Methods: Between November 2001 and September, 2005, we
conducted this observational cohort study of all HIV-infected patients receiving
TDF in an urban HIV clinic population. Development of abnormal renal function
was defined as an absolute glomerular filtration rate (GFR) ≥90 before
initiation of TDF, and <90 at the last creatinine measurement on TDF. We
used logistic regression analysis to examine factors associated with abnormal
renal function, including ART medications, weight at initiation of TDF, weight change by last measurement on TDF,
race, age, gender, CD4 count nadir, HIV-1 RNA level, hepatitis C virus (HCV)
antibody, diabetes, and hypertension. We used the Cockcroft-Gault (CG)
equation that incorporates body weight to calculate GFR because weight changes
are common among HIV-infected patients. We also examined GFR using the modification
of diet in renal disease (MDRD) equation.
Results: Among the 497 patients initiating TDF, 87
patients developed abnormal renal function, which was associated with
didanosine (ddI) use (p = 0.009), lower baseline weight (p = 0.001),
and older age (p = 0.009) compared with patients with normal renal
function. 79 of 87 patients had a moderate decline in GFR (≤60). Of 87
patients, 8 had a severe decline in GFR (>80) that was associated with
ritonavir-boosted regimens (p=0.03)
containing either amprenavir (p=0.04) or lopinavir (p=0.009), and a trend toward ddI use (38% vs 15%, p = 0.09).

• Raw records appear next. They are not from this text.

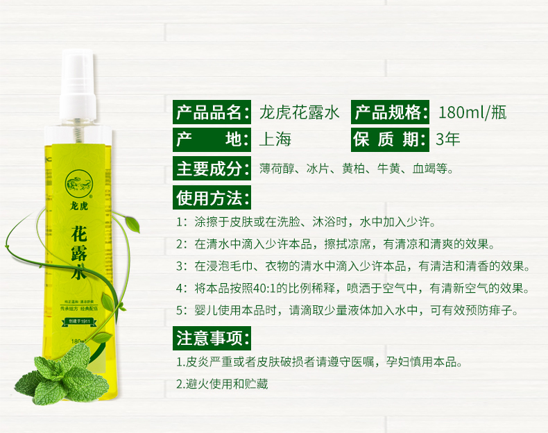 主要成分:乙醇、纯水、香精、薄荷脑、冰片、黄柏、牛黄、血竭。 主要用途:清凉止痒,温和舒爽,芳香怡神,天然植物,四季适用。
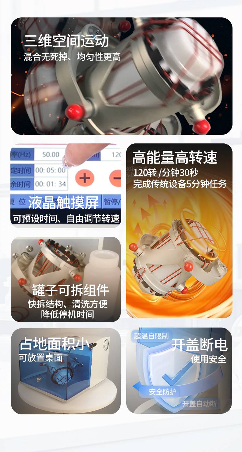 广泛应用于制药、化工、食品、轻工、电子、机械、矿冶、国防工业以及各科研单位的粉状、颗粒状物料的高均匀度混合。
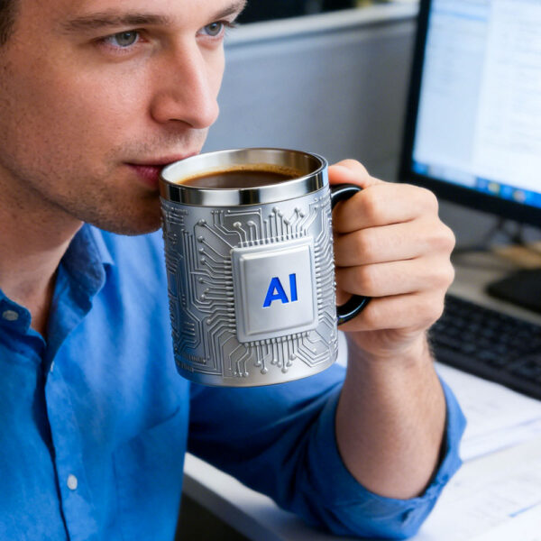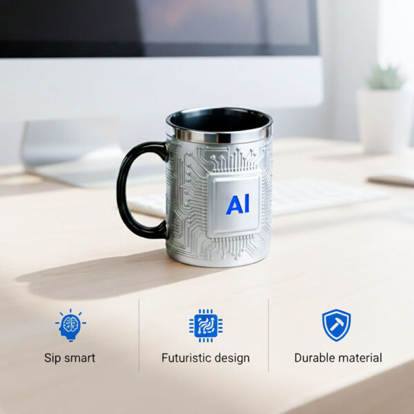 The mug features a durable metal exterior with a sleek, industrial finish, designed to feel solid and premium in hand. The exterior is crafted to resemble a high-performance AI processor, complete with etched circuit detailing and a bold central “AI” emblem.
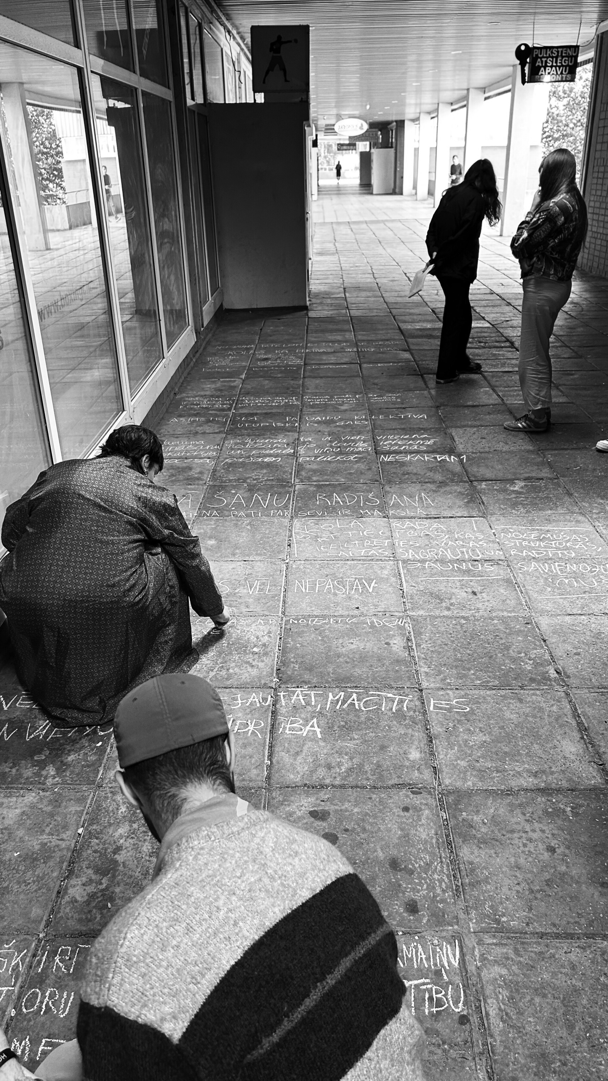 Ar performatīvu uzstādījumu lasījām Silvijas Botiroli tekstu Jūtīgas mācīšanās vieta. Festivāls ir/kā skola un katrs ar krītiņiem izrakstījām to, kas apziņā nosēdies visvairāk. Ievēroju, ka manis izvēlēto «viņu atšķirības kļūst par pārmaiņu katalizatoru, nevis par neērtību un diskomfortu, kuru mīkstināt var tikai kompromiss» kāds jau ir uzrakstījis, un izrakstīju teikuma pirmo daļu: «Uz īsu laiku šeit satiekas svešinieki, lai pulcētos ap noteiktu ideju, interesēm un vēlmēm.» Tikai jau tuvāk skolas beigām sapratīšu, cik zīmīgu vietu procesā iegūs šī pirmās dienas doma.
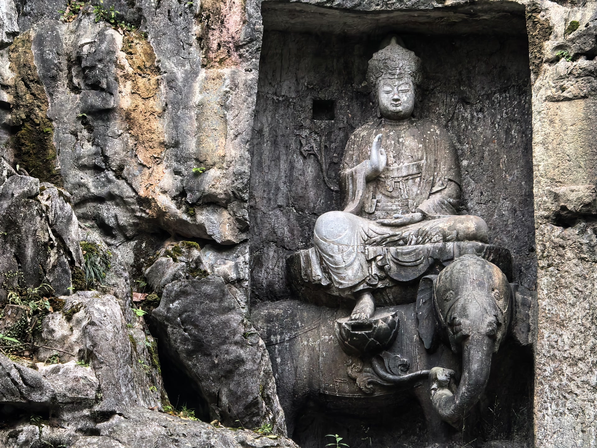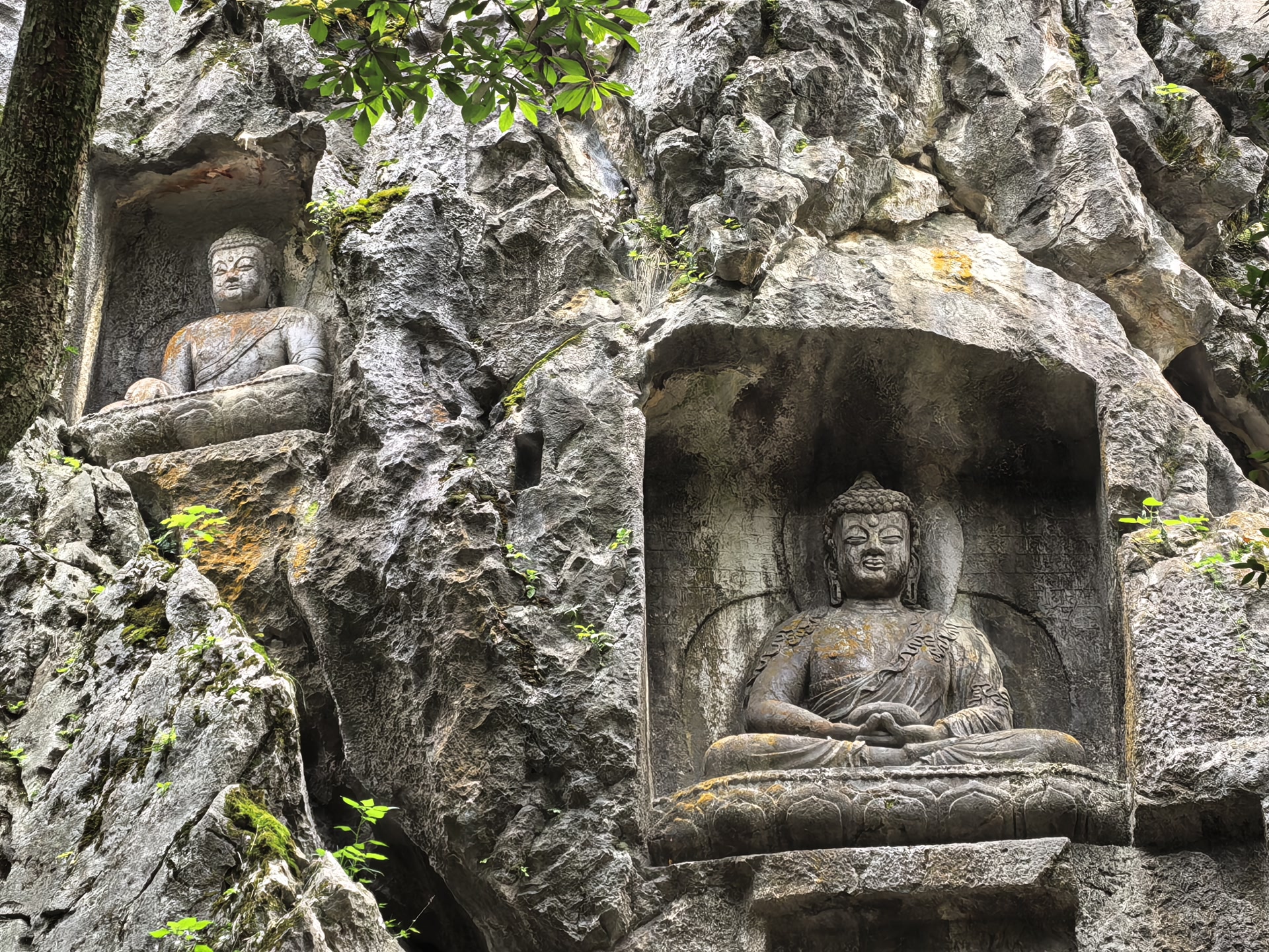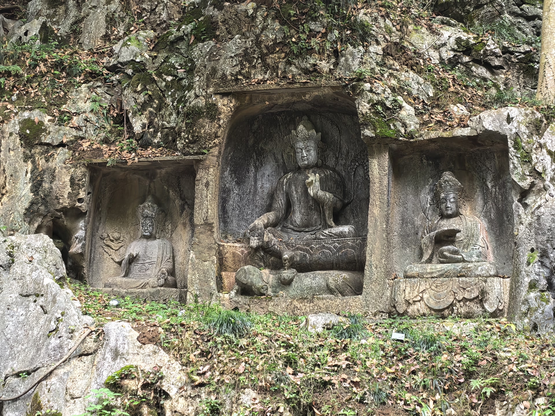 最让我驻足的是那尊元代的金刚手菩萨像(雕刻于公元1282年)。这是典型的藏传佛教造像,三头八臂,怒目圆睁,是元朝帝师八思巴的弟子在杭州弘扬藏传佛教时留下的珍贵遗迹。菩萨的每只手臂都持有不同的法器,虽然有些已经残缺,但依然可以看出当年雕刻的精细。伸手轻触冰凉的岩壁,指尖仿佛触到了历史的脉搏——从五代吴越国的汉传佛教,到元朝的藏传佛教,都在这一方岩壁上留下了印记。

After adjusting for other factors, ddI (OR 2.5, p = 0.02), lower
baseline weight (OR 0.95/kg, p = 0.001), and increasing age (OR 1.07/year,
p <0.002) were significantly associated with abnormal renal function.
The results were unchanged when only patients with moderate abnormalities were
examined; there were too few patients with severe abnormalities for separate
analysis. When GFR was calculated using MDRD, fewer patients had abnormal renal
function than when the CG equation was used.
Conclusions: Increased age, ddI use, and lower baseline
weight are significantly associated with risk for renal impairment among
patients receiving TDF. GFR results using the MDRD were inconsistent with those
calculated using CG which points to the importance of weight in the measurement
of GFR among HIV-infected patients. Our findings suggest there may be a
moderate and severe category of renal abnormalities associated with TDF and
that ritonavir may contribute to severe abnormalities.